A Ramona woman will get another chance to have her eminent domain case heard in court, following a ruling by a federal appellate panel last week.
Joan Kearney filed suit against the Ramona Unified School District and its law firm, Foley & Lardner LLP -- first in state court and then in district court -- for allegedly hiding evidence during the trial to determine her property's value.
She was unsuccessful until the Ninth Circuit Court of Appeals ruled in her favor May 12, sending the case back to the trial court.
The decision marked the final victory in the legal career of San Diego attorney Jay Wheeler, who died unexpectedly at the age of 60 in the middle of the litigation.
"Jay believed in the rightness of his legal theory," said Jill Sullivan, an attorney with Chapin Wheeler who argued the case before the Ninth Circuit. "He was brave and steadfast in filing the appeal.

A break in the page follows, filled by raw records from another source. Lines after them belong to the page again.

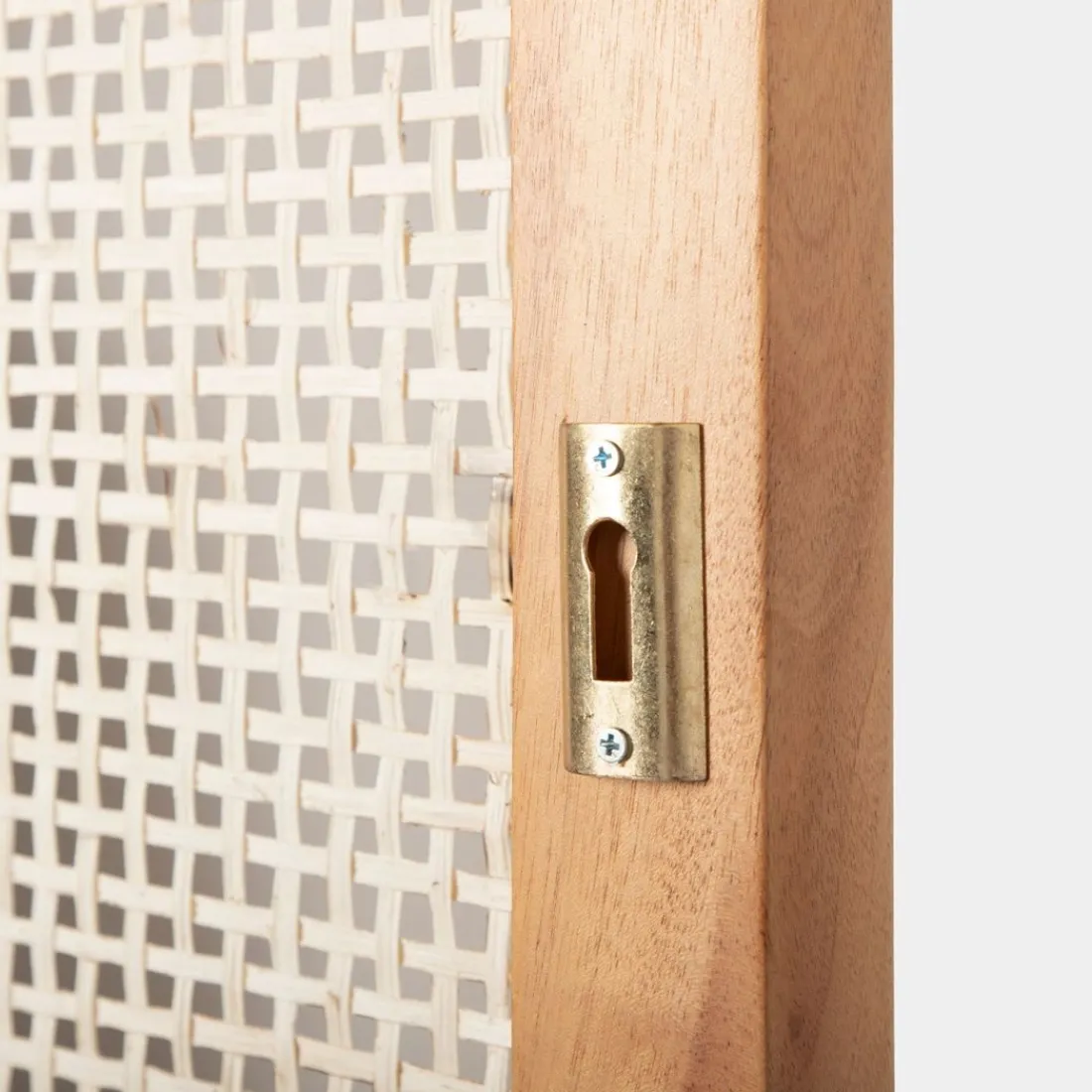 El cabecero de cama Nera en madera maciza y ratán natural aportará calidez y calma a tu dormitorio. El ratán ha sido trenzado a mano, por lo que puede presentar alguna irregularidad propia de la naturaleza del material y del proceso de fabricación artesanal. Se puede utilizar en camas de 135, 150 y 160. Requiere anclaje a pared. La tornillería no está incluida.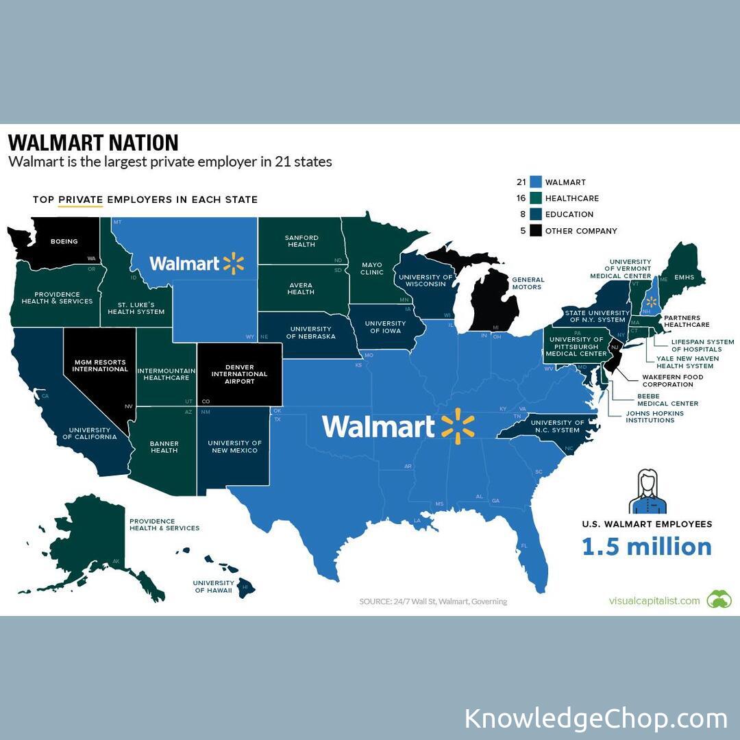 This is pretty cool from Visual Capitalist! The biggest employer in each state of the USA.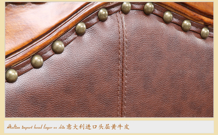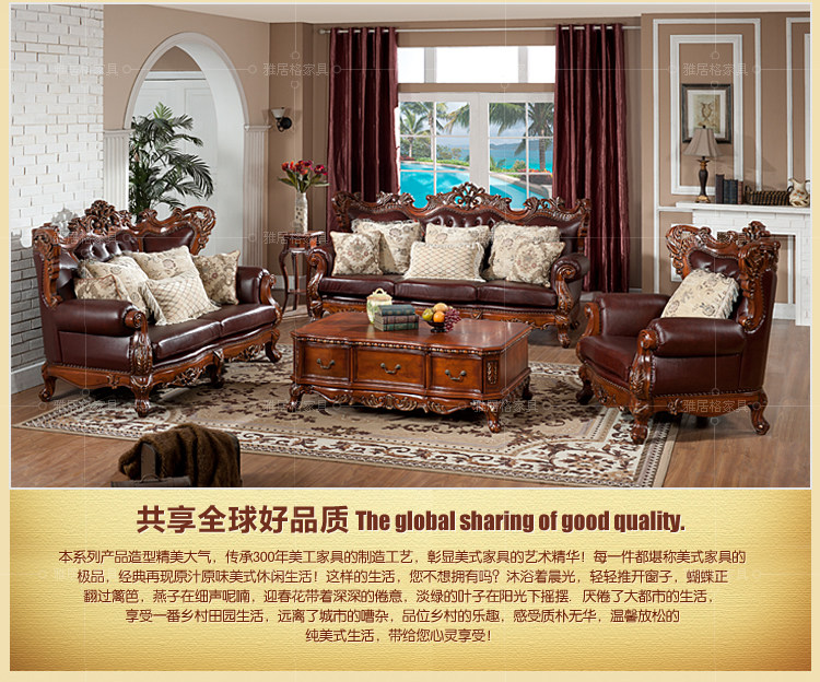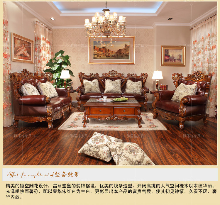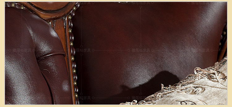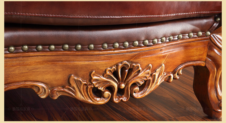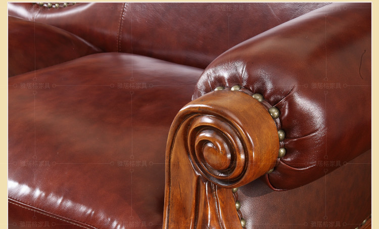 雅居格客厅欧式真皮沙发组合 美式家具头层牛皮艺实木沙发F96108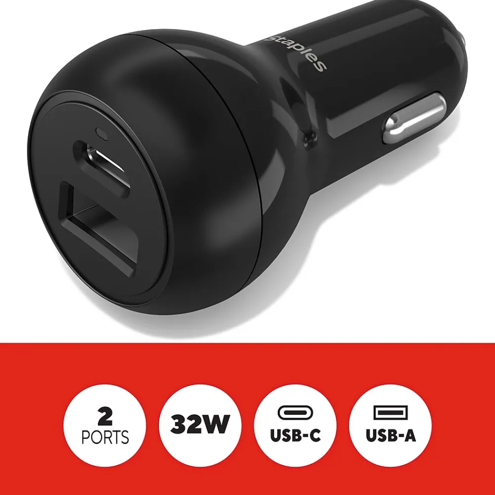 Perfect for commuters or workers on the go, this dual-port car charger features one USB-A and one USB-C port to charge two devices at once. Plug this Staples® Two-Port USB-A & USB-C Car Charger into your car’s auxiliary power outlet to power your smartphones and tablets quickly.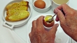 Senior male hands spooning soft boiled egg - HD stock video
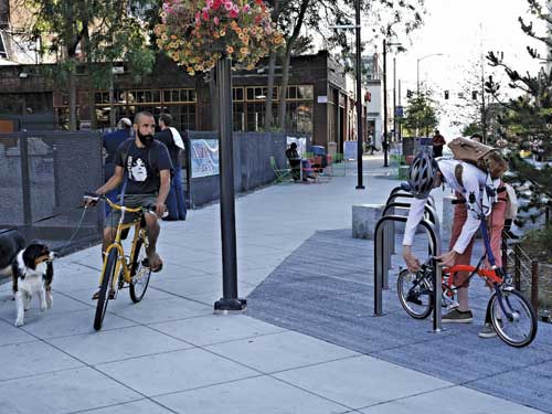 Bell Street Park has become an "outdoor living room for park experiences," a place where people can gather and socialize, shop and dine, be entertained and otherwise enjoy a chic lifestyle. The biggest challenge facing the design firms was how to create "people oriented park experiences" in what is clearly a highly urban area. At the same time, accessibility to bicycle and motor vehicle traffic had to be maintained.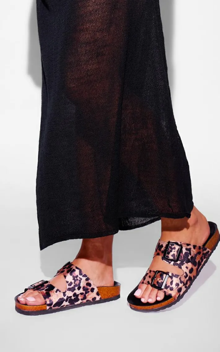 Make sure your new season look stays on trend in these leopard satin round toe double buckle flat sandals. Brought to you in a leopard print satin material with a round toe design and double buckle strap detailing, how can you resist? Simple add these flat sandals to your outfit of the day for the perfect finishing touch.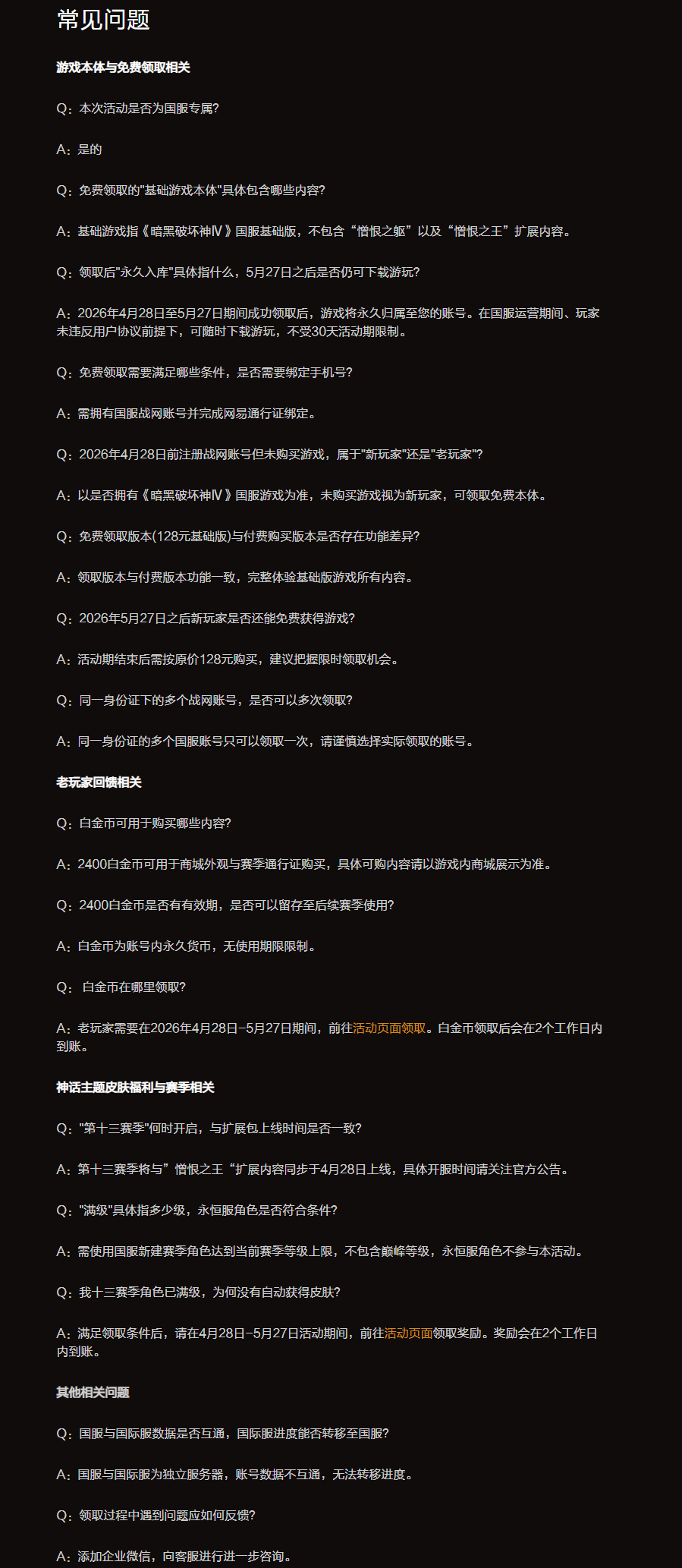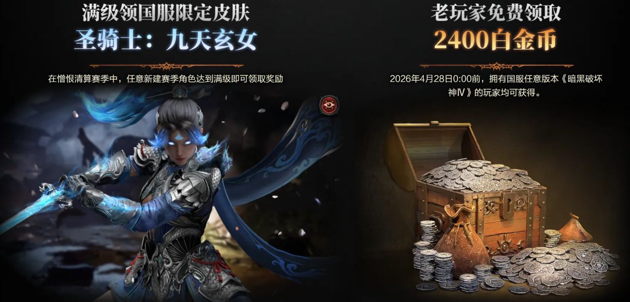 2026 年 4 月 28 日 0:00 前,拥有国服任意版本《暗黑破坏神4》的玩家均可获得 2400 白金币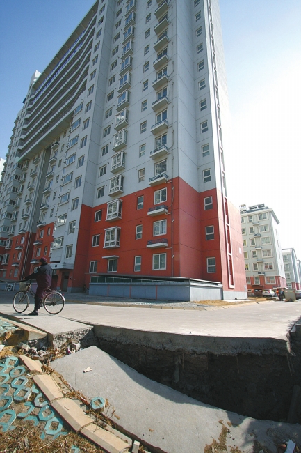 在江苏连云港杰瑞花园小区5号楼(共17层)北侧,连云港东盛房地产开发公司拟建一幢32层楼的写字楼,目前正在做基坑,基坑的土全堆在5号楼的西南侧,导致夹在土堆和基坑间、位于5号楼西侧的一排民工房倒塌,5号楼也随之出现沉降(左图),部分住户担心会步上海“楼倒倒”的后尘,现已搬出该楼。 在5号楼西北角处一处车棚及两段围墙断裂塌陷,坑深近两米。透过围墙就能看到“肇事基坑”,约有几千平方米大小,深约6米。坑内打下的直径60厘米的水泥桩,约七八根都向北斜歪着。靠近5号楼围墙的一段基坑护坡,也出现起鼓、断裂现象。 据《扬子晚报》 |
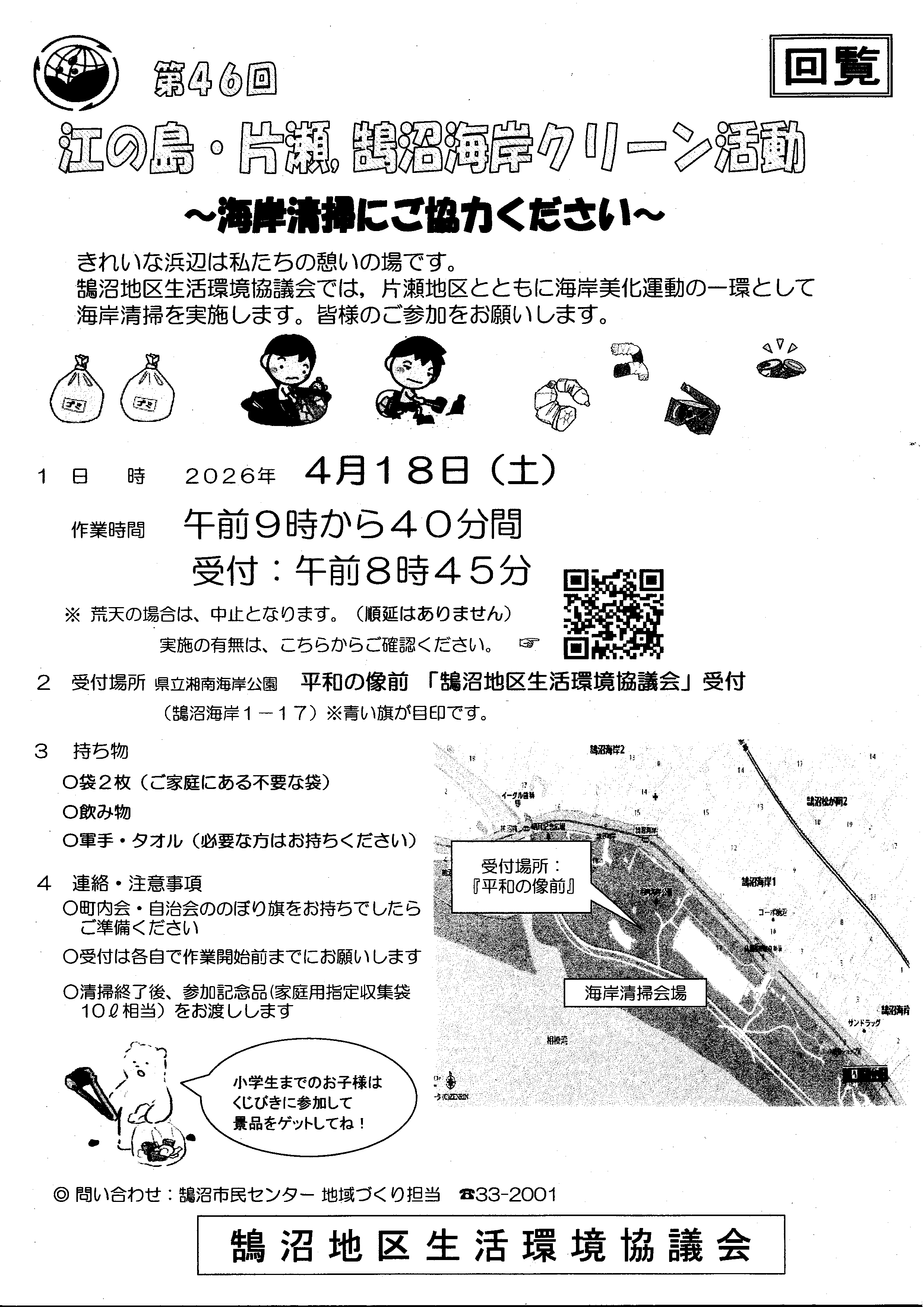 4月18日(土)朝9時から40分間ほど今年初めての海岸清掃「第46回 江の島・片瀬,鵠沼海岸クリーン活動」(主催:鵠沼地区生活環境協議会)が「鵠沼海岸」で行われます。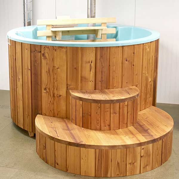 Die Treppe wird vormontiert geliefert, hat ein geringes Gewicht und gleichzeitig eine hohe Festigkeit. Sie brauchen sie nur an den Badezuber mit Holzofen zu stellen. Die Treppe ist in verschiedenen Holzoptionen erhältlich.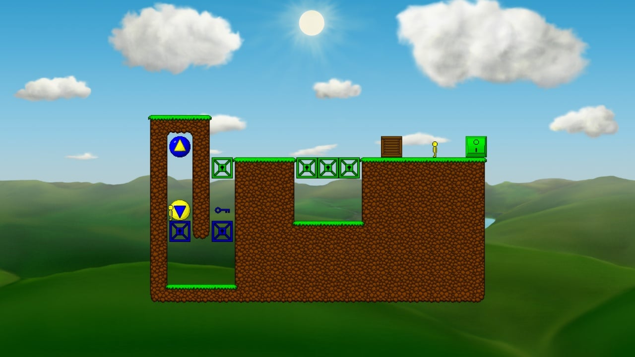 В геймплейе отсутствуют подсказки, и юзеру придется самостоятельно находить пути решения. Более 100 локаций с уникальными ландшафтами, препятствиями и полезными объектами ждут своих героев. Некоторые блоки не позволяют прыгать, а человечки могут передвигаться только по определённым цветным квадратам или преодолевать бездонные пропасти. Преграды постоянно меняются, предлагая хардкорные комбинации.

I wanted to vindicate his thought process in filing the appeal as he did.
"It's the kind of decision that's downplayed by the defense because it's not a decision on the merits. But for us, to live to fight another day on behalf of Joan Kearney is enormous."
San Diego attorney Mark Zebrowski, who is helping represent Foley & Lardner, said the Ninth Circuit panel had to take everything that was alleged as true because it was the pleading stage.
“When we move onto the factual stage, it’s quite different than what’s alleged,” he said, adding his clients didn’t hide anything.
Kearney accused Foley & Lardner, two of its attorneys and the business manager of the Ramona school district of intentionally hiding the results from a percolation test done on her 52-acre lot in Ramona. A percolation test is used to determine how many buildings the land can sustain.
"That piece of evidence would have significantly increased the value of this property," Sullivan said. "Experts on both sides said it would have made a big difference."
Attorney Daniel Shinoff, who represented Ramona Unified School District business manager Michael McCarty, was disappointed with the Ninth Circuit's decision but he wasn't particularly surprised.
"They weren't making a decision based upon the merits," Shinoff said. "They simply said the (district) judge applied a cannon that they said didn't apply."
During the trial to determine the property's worth, results from a percolation test taken in 1996 was presented to the jury and debated by both parties' experts. Kearney claims a more recent test was completed, one that would suggest the land could sustain more development, but that evidence was not revealed during discovery or shown to the judge and jury.
The jury eventually awarded Kearney nearly $1 million.
Shinoff, of the firm Stutz, Artiano, Shinoff & Holtz, disputes that any evidence was hidden.
"I just can't imagine why the plaintiff would believe the head of business services would have some sort of motive to do that," he said. "What would be the motivation to damage your career like that?"
According to Sullivan, the school eventually released the results of a later test, but only "at a time when no state court could, as a matter of procedure, consider the evidence."
Wheeler and Sullivan's litigation in federal court was first dismissed by the district court, which also ordered Kearney to pay the defendant's attorney's fees.
The Ninth Circuit, however, reversed the dismissal and remanded the case back to the trial court.
"I was pleased that the Ninth Circuit, in its opinion, took note to say that the district court's premise that the plaintiff should have done more to find hidden evidence was misplaced," Sullivan said.
"Jay was looking down and smiling that I had satisfied my responsibility, not only to my client, but to my mentor," she added, "and the outcome was fitting to him and his memory as a lawyer. He was a brilliant lawyer and a brave lawyer."